Recorded data
BEGIN

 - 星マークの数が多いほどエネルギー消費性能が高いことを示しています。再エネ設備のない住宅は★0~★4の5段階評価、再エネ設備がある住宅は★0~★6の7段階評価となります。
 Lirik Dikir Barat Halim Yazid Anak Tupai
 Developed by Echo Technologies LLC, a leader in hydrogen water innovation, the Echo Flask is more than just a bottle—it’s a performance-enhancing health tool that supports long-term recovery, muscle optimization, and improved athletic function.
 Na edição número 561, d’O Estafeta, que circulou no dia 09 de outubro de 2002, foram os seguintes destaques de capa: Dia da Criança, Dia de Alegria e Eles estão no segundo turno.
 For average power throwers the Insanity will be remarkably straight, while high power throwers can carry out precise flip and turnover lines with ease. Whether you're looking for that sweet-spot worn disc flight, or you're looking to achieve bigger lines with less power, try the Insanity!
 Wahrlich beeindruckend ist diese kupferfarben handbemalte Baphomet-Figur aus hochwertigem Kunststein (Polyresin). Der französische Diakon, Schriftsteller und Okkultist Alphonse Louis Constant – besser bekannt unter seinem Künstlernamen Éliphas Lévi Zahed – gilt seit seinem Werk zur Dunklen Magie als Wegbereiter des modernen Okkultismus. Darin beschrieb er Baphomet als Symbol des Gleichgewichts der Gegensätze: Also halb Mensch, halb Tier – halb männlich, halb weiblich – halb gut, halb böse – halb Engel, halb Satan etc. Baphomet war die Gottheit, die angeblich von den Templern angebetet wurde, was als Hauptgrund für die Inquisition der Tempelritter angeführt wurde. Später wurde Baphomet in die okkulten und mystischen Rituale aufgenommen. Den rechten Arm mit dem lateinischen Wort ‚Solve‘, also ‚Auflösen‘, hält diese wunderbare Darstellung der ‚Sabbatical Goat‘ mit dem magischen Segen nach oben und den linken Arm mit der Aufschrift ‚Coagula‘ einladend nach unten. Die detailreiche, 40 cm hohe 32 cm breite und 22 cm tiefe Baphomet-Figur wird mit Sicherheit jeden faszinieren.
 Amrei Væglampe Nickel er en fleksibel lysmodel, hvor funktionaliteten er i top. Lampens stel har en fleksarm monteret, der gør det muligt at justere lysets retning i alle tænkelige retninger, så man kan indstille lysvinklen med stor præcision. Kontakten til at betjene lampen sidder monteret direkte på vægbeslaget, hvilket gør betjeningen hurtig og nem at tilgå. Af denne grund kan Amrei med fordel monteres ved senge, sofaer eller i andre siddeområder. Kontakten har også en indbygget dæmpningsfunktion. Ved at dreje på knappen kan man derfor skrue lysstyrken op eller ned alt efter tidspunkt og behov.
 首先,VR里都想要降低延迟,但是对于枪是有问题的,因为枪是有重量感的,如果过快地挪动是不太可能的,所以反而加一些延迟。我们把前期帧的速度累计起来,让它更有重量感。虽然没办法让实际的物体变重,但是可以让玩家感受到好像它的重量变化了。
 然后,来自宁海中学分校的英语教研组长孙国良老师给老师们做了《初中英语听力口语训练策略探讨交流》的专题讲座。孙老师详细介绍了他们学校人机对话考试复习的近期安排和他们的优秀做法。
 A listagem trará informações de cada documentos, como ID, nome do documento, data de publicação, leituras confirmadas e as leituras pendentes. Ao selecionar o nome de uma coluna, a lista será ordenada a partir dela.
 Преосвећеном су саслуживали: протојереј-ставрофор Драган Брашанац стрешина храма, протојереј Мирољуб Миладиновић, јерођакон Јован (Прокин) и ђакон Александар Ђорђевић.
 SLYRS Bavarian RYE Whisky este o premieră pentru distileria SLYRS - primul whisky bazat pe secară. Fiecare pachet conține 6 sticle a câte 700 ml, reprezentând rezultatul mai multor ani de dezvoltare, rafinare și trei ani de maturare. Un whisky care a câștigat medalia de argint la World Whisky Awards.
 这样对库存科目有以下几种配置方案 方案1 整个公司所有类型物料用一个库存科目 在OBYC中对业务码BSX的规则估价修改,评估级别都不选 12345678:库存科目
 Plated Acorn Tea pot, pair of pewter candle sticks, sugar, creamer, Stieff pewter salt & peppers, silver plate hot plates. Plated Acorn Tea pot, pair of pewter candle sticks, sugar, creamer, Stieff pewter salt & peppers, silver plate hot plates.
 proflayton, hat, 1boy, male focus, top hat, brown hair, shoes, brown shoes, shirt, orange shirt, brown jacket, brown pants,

END

* [TASK]
Nothing may be left out. Retype all the entries exactly.

* [OUTPUT OF THE EXERCISE]
 - 星マークの数が多いほどエネルギー消費性能が高いことを示しています。再エネ設備のない住宅は★0~★4の5段階評価、再エネ設備がある住宅は★0~★6の7段階評価となります。
 Lirik Dikir Barat Halim Yazid Anak Tupai
 Developed by Echo Technologies LLC, a leader in hydrogen water innovation, the Echo Flask is more than just a bottle—it’s a performance-enhancing health tool that supports long-term recovery, muscle optimization, and improved athletic function.
 Na edição número 561, d’O Estafeta, que circulou no dia 09 de outubro de 2002, foram os seguintes destaques de capa: Dia da Criança, Dia de Alegria e Eles estão no segundo turno.
 For average power throwers the Insanity will be remarkably straight, while high power throwers can carry out precise flip and turnover lines with ease. Whether you're looking for that sweet-spot worn disc flight, or you're looking to achieve bigger lines with less power, try the Insanity!
 Wahrlich beeindruckend ist diese kupferfarben handbemalte Baphomet-Figur aus hochwertigem Kunststein (Polyresin). Der französische Diakon, Schriftsteller und Okkultist Alphonse Louis Constant – besser bekannt unter seinem Künstlernamen Éliphas Lévi Zahed – gilt seit seinem Werk zur Dunklen Magie als Wegbereiter des modernen Okkultismus. Darin beschrieb er Baphomet als Symbol des Gleichgewichts der Gegensätze: Also halb Mensch, halb Tier – halb männlich, halb weiblich – halb gut, halb böse – halb Engel, halb Satan etc. Baphomet war die Gottheit, die angeblich von den Templern angebetet wurde, was als Hauptgrund für die Inquisition der Tempelritter angeführt wurde. Später wurde Baphomet in die okkulten und mystischen Rituale aufgenommen. Den rechten Arm mit dem lateinischen Wort ‚Solve‘, also ‚Auflösen‘, hält diese wunderbare Darstellung der ‚Sabbatical Goat‘ mit dem magischen Segen nach oben und den linken Arm mit der Aufschrift ‚Coagula‘ einladend nach unten. Die detailreiche, 40 cm hohe 32 cm breite und 22 cm tiefe Baphomet-Figur wird mit Sicherheit jeden faszinieren.
 Amrei Væglampe Nickel er en fleksibel lysmodel, hvor funktionaliteten er i top. Lampens stel har en fleksarm monteret, der gør det muligt at justere lysets retning i alle tænkelige retninger, så man kan indstille lysvinklen med stor præcision. Kontakten til at betjene lampen sidder monteret direkte på vægbeslaget, hvilket gør betjeningen hurtig og nem at tilgå. Af denne grund kan Amrei med fordel monteres ved senge, sofaer eller i andre siddeområder. Kontakten har også en indbygget dæmpningsfunktion. Ved at dreje på knappen kan man derfor skrue lysstyrken op eller ned alt efter tidspunkt og behov.
 首先,VR里都想要降低延迟,但是对于枪是有问题的,因为枪是有重量感的,如果过快地挪动是不太可能的,所以反而加一些延迟。我们把前期帧的速度累计起来,让它更有重量感。虽然没办法让实际的物体变重,但是可以让玩家感受到好像它的重量变化了。
 然后,来自宁海中学分校的英语教研组长孙国良老师给老师们做了《初中英语听力口语训练策略探讨交流》的专题讲座。孙老师详细介绍了他们学校人机对话考试复习的近期安排和他们的优秀做法。
 A listagem trará informações de cada documentos, como ID, nome do documento, data de publicação, leituras confirmadas e as leituras pendentes. Ao selecionar o nome de uma coluna, a lista será ordenada a partir dela.
 Преосвећеном су саслуживали: протојереј-ставрофор Драган Брашанац стрешина храма, протојереј Мирољуб Миладиновић, јерођакон Јован (Прокин) и ђакон Александар Ђорђевић.
 SLYRS Bavarian RYE Whisky este o premieră pentru distileria SLYRS - primul whisky bazat pe secară. Fiecare pachet conține 6 sticle a câte 700 ml, reprezentând rezultatul mai multor ani de dezvoltare, rafinare și trei ani de maturare. Un whisky care a câștigat medalia de argint la World Whisky Awards.
 这样对库存科目有以下几种配置方案 方案1 整个公司所有类型物料用一个库存科目 在OBYC中对业务码BSX的规则估价修改,评估级别都不选 12345678:库存科目
 Plated Acorn Tea pot, pair of pewter candle sticks, sugar, creamer, Stieff pewter salt & peppers, silver plate hot plates. Plated Acorn Tea pot, pair of pewter candle sticks, sugar, creamer, Stieff pewter salt & peppers, silver plate hot plates.
 proflayton, hat, 1boy, male focus, top hat, brown hair, shoes, brown shoes, shirt, orange shirt, brown jacket, brown pants,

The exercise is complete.